A matrix of scatterplots

Let’s create a matrix of scatterplots for multiple variables. A simple way to visualize a matrix of scatterplots is by using pairs() function. The argument x in this function specify the data frame or columns of a matrix. Suppose I am interested to get scatterplots for yield contributing variables. I can specify these variables by giving the range of the column numbers for these variables. I am specifying this range as \(7^{th}\) to \(10^{th}\) in this data set. In main argument you can specify the title of the plot. You can customize points by setting the value for pch argument. Further, the fill color for the points can be specified by using bg argument. If you only want to show the lower triangle then you can simply set NULL value for upper.panel argument.

pairs(
      x = data[7:10],               ### Scatterplots Matrices ----
      main = "A matrix of scatterplots",
      pch = 21, 
      bg = c("red", "green3", "blue"),
      upper.panel = NULL,           ### show only lower triangle ----
      )
# NULL
# NULL

Let’s visualize such matrix of scatterplots in an elegant style with additional information.
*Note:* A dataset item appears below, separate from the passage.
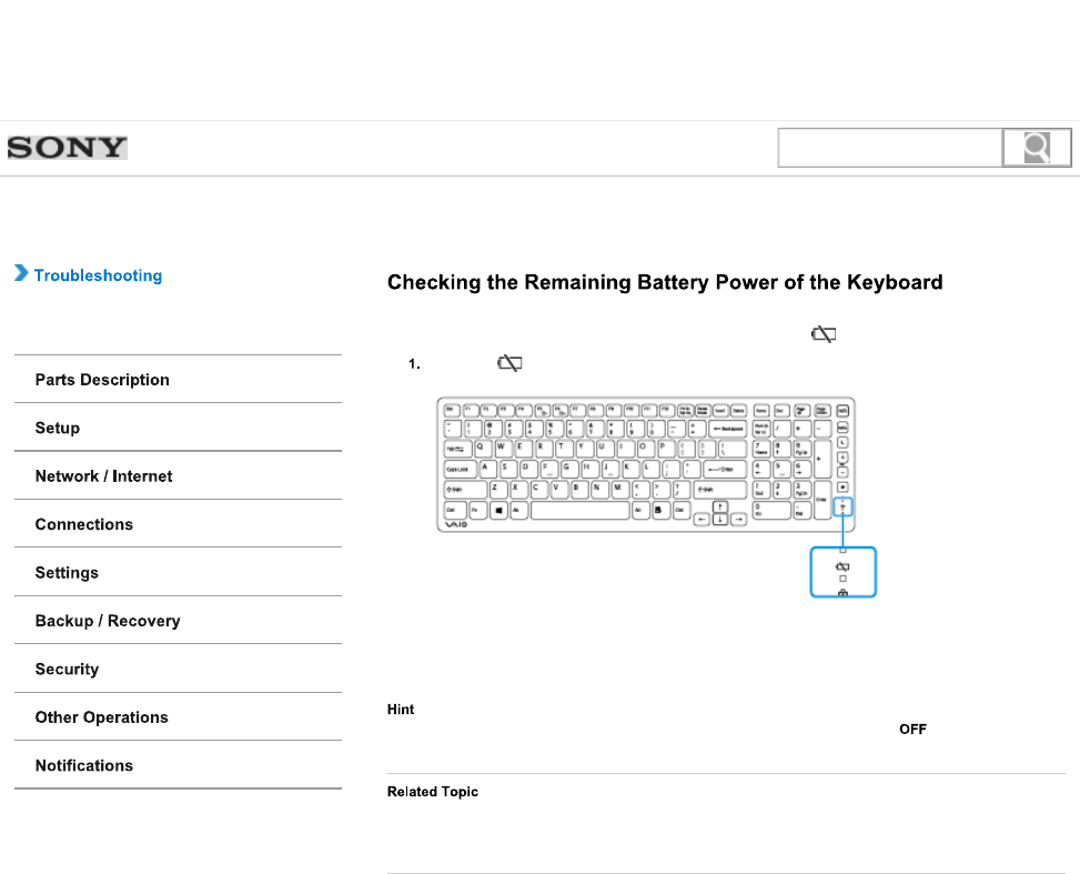 Checking the Remaining Battery Power of the Keyboard

ggplot2 generalized pairs plot

We shall use ggplot2 and GGally packages for more stylish pairs of scatterplots. Load the packages GGally and ggplot2 by using library() function.

library(GGally)
library(ggplot2)

We can use the function ggpairs() to create a matrix of scatterplots. The argument data specify data set which can have both numerical and categorical variables. I am using data object for this argument. In columns argument we can specify the range of the variables. I am using the same range of columns as used in previous command. We can set aesthetic mapping to visualize the grouping variable. The argument color is used to set the grouping variable. Again seed priming will be used as grouping variable in this data set. In upper triangle I want to set the correlation values. By setting cor value in continuous argument specify the upper triangle of the matrix of plots will contain correlation values. In lower triangle of the matrix I want to show scatterplots. Just paste the above command and replace upper with lower and in continuous argument replace the value cor with points. Next by setting “densityDiag” as value for diag argument, will print density plots in the diagonal of the matrix of plots.
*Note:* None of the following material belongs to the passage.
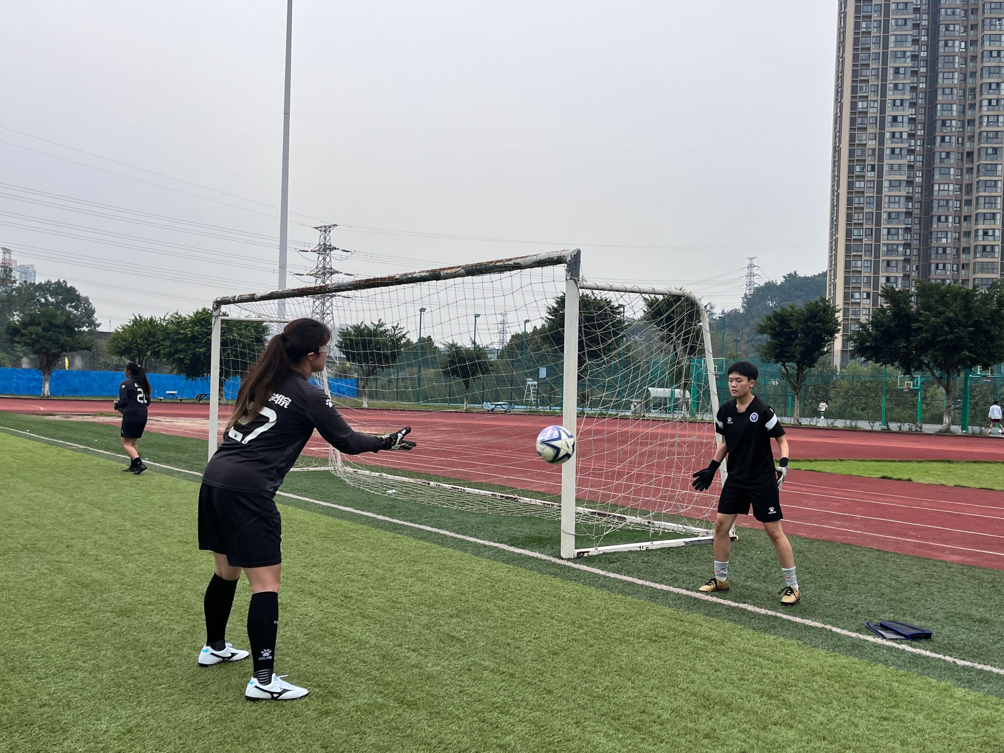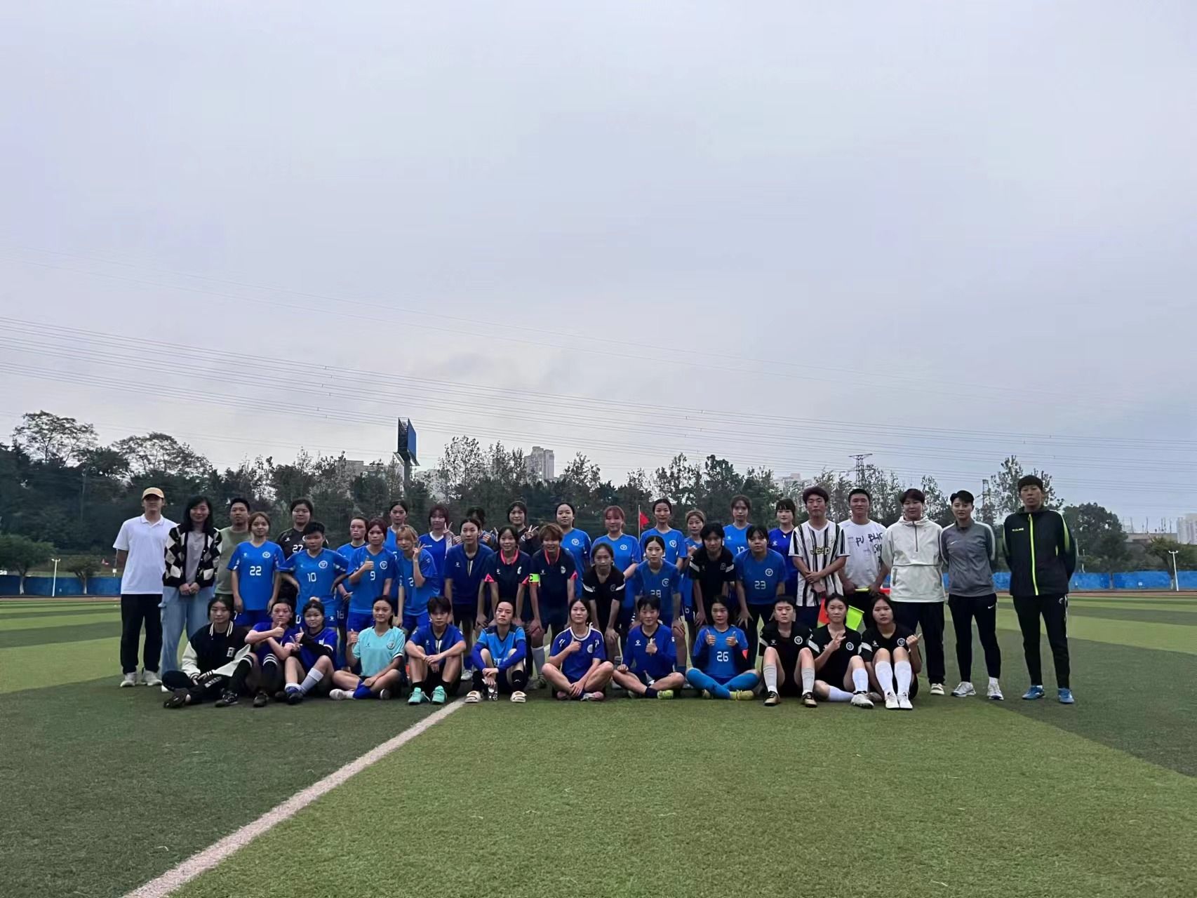 奔跑,是女足姑娘们在赛场是始终如一的姿态,团结,是铿锵玫瑰在逆境中顽强绽放的密码。所有光鲜亮丽的背后,无不受汗水浸润着;所有奇迹的再现,无不篆刻着日复一日的努力和拼搏。为双校区备战十一月的重庆市大学生足球联赛而选拔队员,同时也是双校区第一次尝试合练,此次加强了双校区女足的合作交流与融合发展,提供了更广阔的展示舞台和丰富的学习经验。綦江女足校队携手“退役”老将于2023年10月18日前往合川校区进行足球交流会,与合川女足共同感受足球魅力。无论是新生队员还是“退役”老将,她们对足球的热爱是和女足精神一样,无畏风雪,勇毅前行。

When you will run this command you will get correlation values with significance, a matrix of scatterplots and density plots in diagonal.

library(GGally)

ggpairs(
        data = data,                ### A quick matrix
        columns = 7:10,
        mapping = ggplot2::aes(color=priming),   ### With grouping variable
        upper = list(continuous = "cor"), 
        lower = list(continuous = "points"), 
        diag = list(continuous = "densityDiag")
        ) 

Please comment below if you have any questions.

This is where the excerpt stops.